Disintegration of the KITENIN/ErbB4 Functional Complex by the Flavonoid Hispidulin Suppresses Colorectal Cancer Progression

KITENIN (KAI1 C-terminal interacting tetraspanin, VANGL1) has oncogenic functions and plays a role in the progression of colorectal cancer by interacting with many proteins, including ErbB4, DVL2, RACK1, and KSRP. The receptor tyrosine kinase ErbB4 forms a complex with KITENIN to activate the downstream AP-1 signaling axis. Therefore, disrupting this oncogenic complex is a promising therapeutic strategy. In this study, the potential therapeutic effects of the flavonoid hispidulin on the KITENIN/ErbB4 oncogenic complex and its signaling are examined. The effects of hispidulin on the KITENIN/ErbB4 oncogenic complex and colorectal cancer progression are evaluated by in vitro and in silico studies, including the investigation of oncometabolite levels.
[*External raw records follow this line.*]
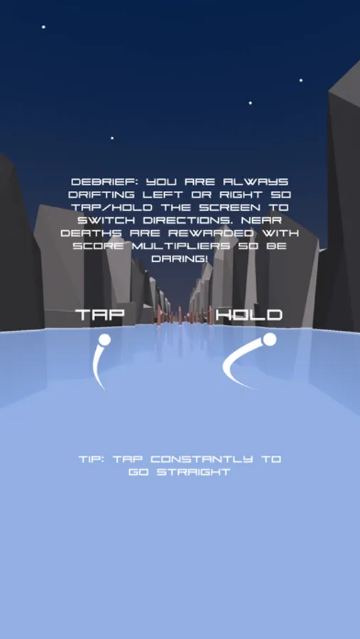 Your mission is simple: reach the end of the skyline. Either tap or hold the screen to dodge the oncoming obstacles in your endless journey. Take risks to obtain score multipliers!
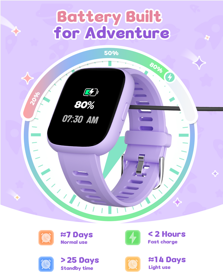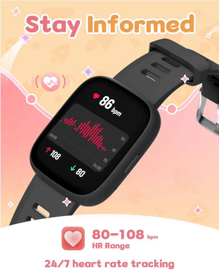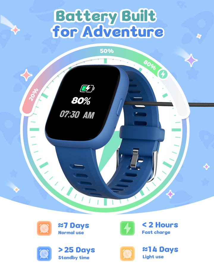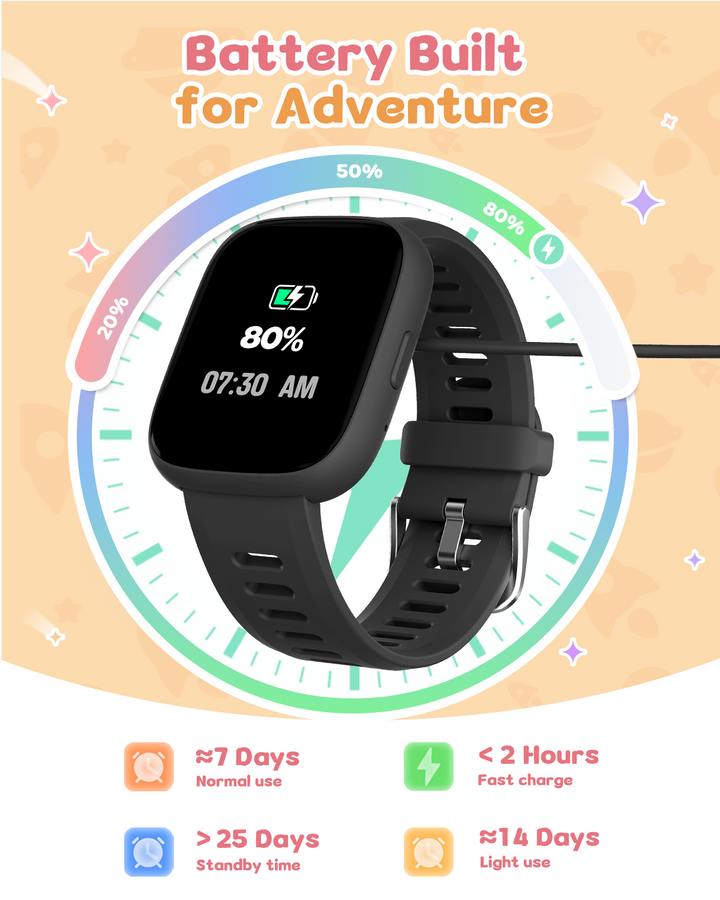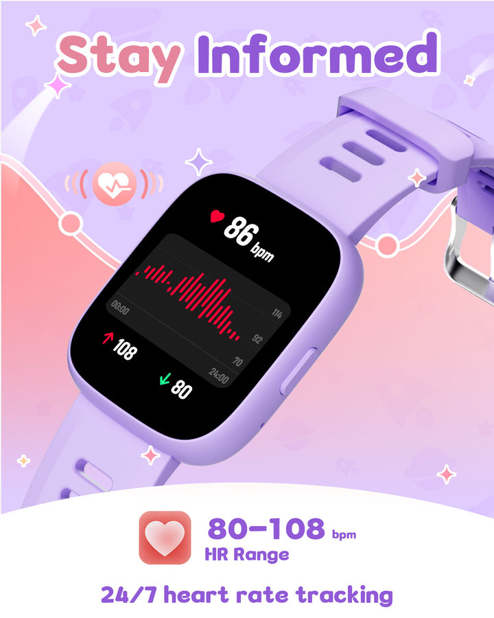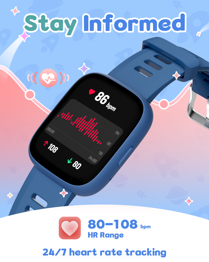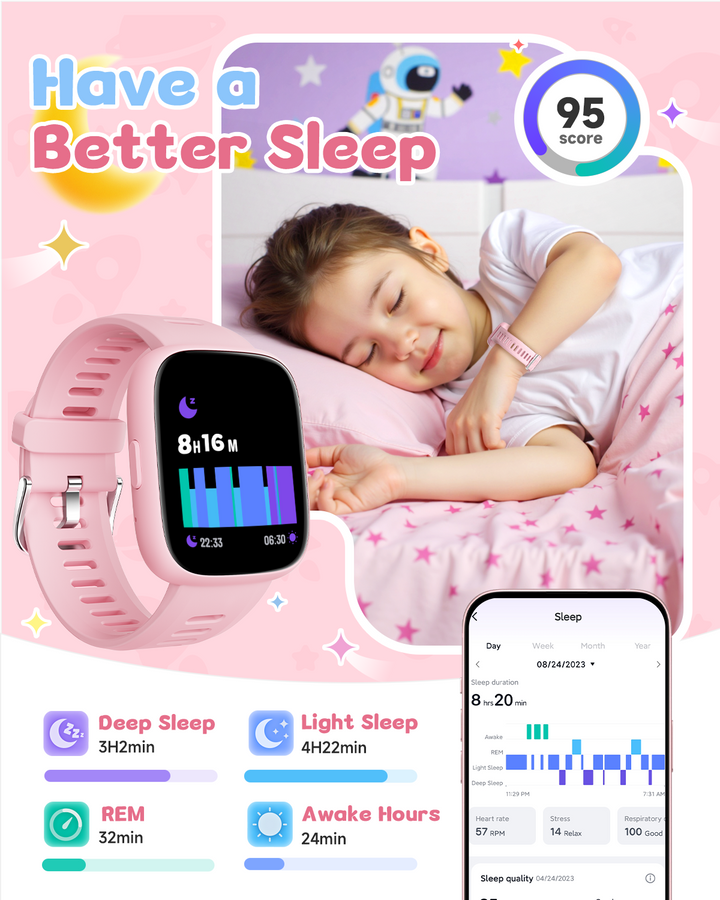 Promote your child’s well-being with real-time heart rate monitoring and advanced sleep tracking. The watch analyzes sleep stages (REM, light, deep) to provide insights into sleep quality. Note: Sleep tracking requires more than 3 hours of sleep and long-term wear for accurate results.
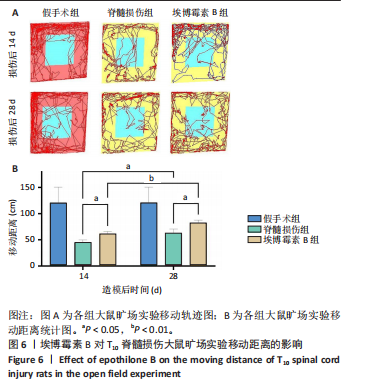 旷场实验:造模后第14,28天,将大鼠放入旷场中,用摄像头观察并记录大鼠的运动轨迹,时长为300 s,结束后导出大鼠的运动距离及运动轨迹图,作为脊髓损伤后运动功能恢复的指标。每组实验后用卫生纸擦净大鼠残留的粪便、尿液等,避免对下次实验造成影响。
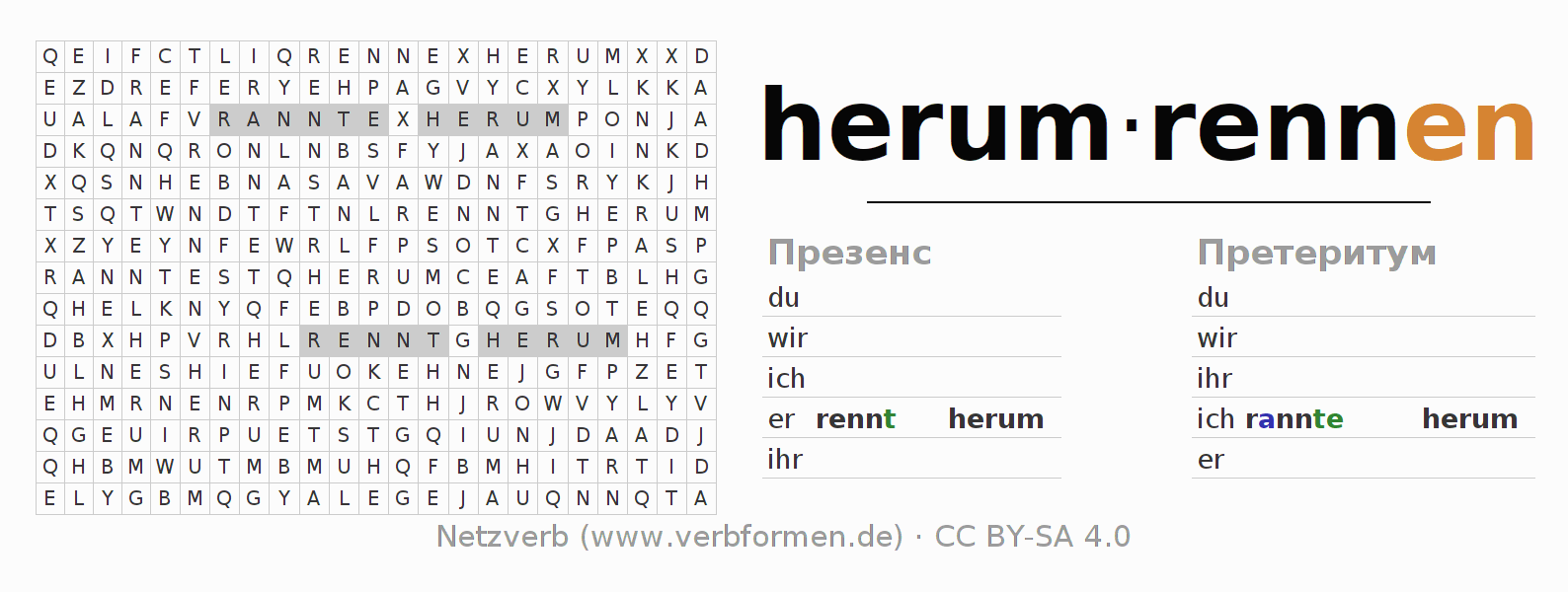 Головоломки по всем формам глагола herumrennen
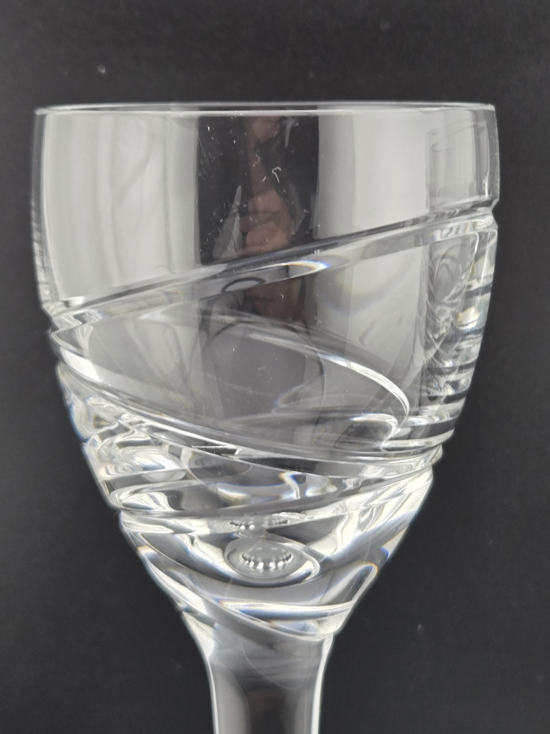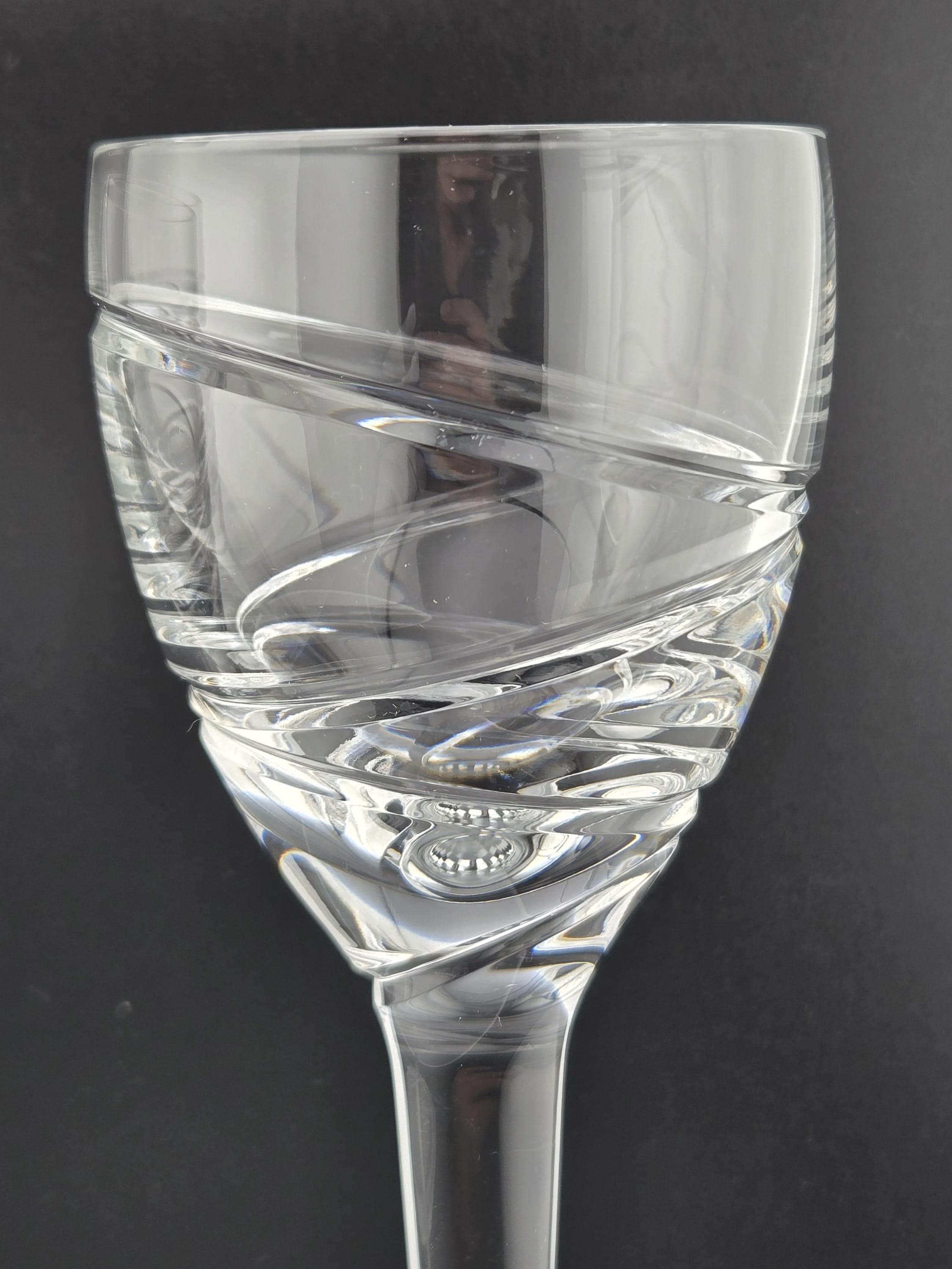 Elegant Waterford crystal wine glasses designed by Jasper Conran, featuring a modern spiral cut bowl and signed Waterford base — refined luxury stemware with contemporary style. This set of two Waterford crystal wine glasses, designed by Jasper Conran, blends modern design with Waterford’s legendary craftsmanship. Each glass features a smooth, contemporary bowl accented by a sweeping spiral cut, creating movement, brilliance, and excellent light refraction from every angle.

The results show that hispidulin binds to ErbB4 and blocks the interaction between KITENIN and ErbB4, thereby reducing KITENIN-mediated cell motility, AP-1 signaling, transcriptional regulator expression, aerobic glycolysis, and levels of metabolites associated with energy metabolism in colorectal cancer. In addition, hispidulin causes the lysosomal degradation of ErbB4 and KITENIN. Hispidulin has a promising therapeutic effect on signaling mediated by the KITENIN/ErbB4 oncogenic complex.